The possibility of sublobar resection for GGO-BAC tumors seems to be realistic, however, considering the noninvasive or minimally invasive nature of the tumors. Many reports, mainly from Japan, have stated that long-term survival after sublobar resection was equivalent to that after lobectomy for GGO tumors. Superb survival was also documented for noninvasive BAC. It is still unclear whether these outcomes are related to some special nature of tumors in the Japanese population. The general applicability of these results to other populations of patients, particularly those in the West, will require further study of similar tumors in such populations. However, considering the close relationships between the invasive features of the tumor and the prognosis, a better prognosis might also be expected for noninvasive GGO-BAC tumors despite ethnic differences.
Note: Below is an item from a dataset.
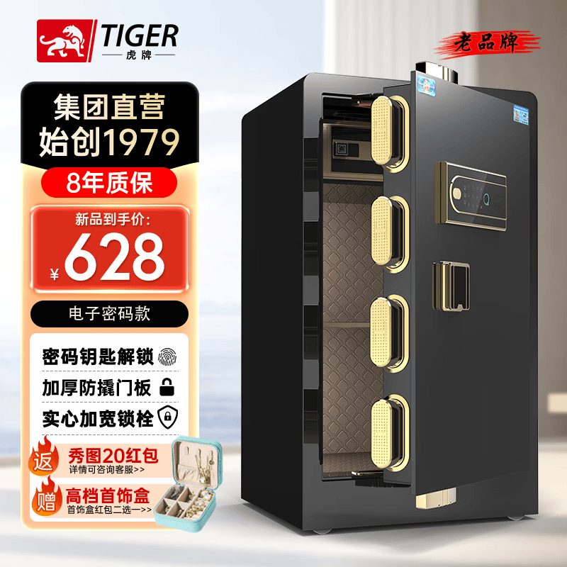 虎牌保险柜家用小型指纹密码WIFI全钢防盗可入墙办公大型保险箱新款保管箱 80cm超值系列-品牌回馈 密码款(钥匙/密码解锁)

In determining the mode of surgical resection, several important factors may have to be considered: tumor location (outer vs inner part of lung parenchyma), tumor size, and nature of the tumor (nonsolid vs partly solid vs solid).
Considering the indolent nature of small nonsolid GGOs tumors with a diameter of less than 15 mm, careful monitoring without intervention should be chosen, in our opinion based on anecdotal experiences. These tumors are less likely to grow fast between CT scans as tumors disseminate in distant organs. We can also accumulate follow-up data on GGO tumors without any intervention. Overt growth or overt consolidation might be an indication for surgical intervention. For tumors larger than 15 mm in diameter, a wide wedge resection/segmentectomy should be the mode of choice as long as they are located in the outer one-third of the lung parenchyma. Otherwise, there might be no option other than lobectomy. For partly solid GGOs less than 15 mm in diameter, sublobar resection could be performed as well; however, an intraoperative pathologic evaluation to determine invasive features is indispensable. If the tumor shows overt invasive growth, lobectomy should be performed. For tumors with an overt, prominent, solid component, the gold standard, lobectomy, is indicated as usual.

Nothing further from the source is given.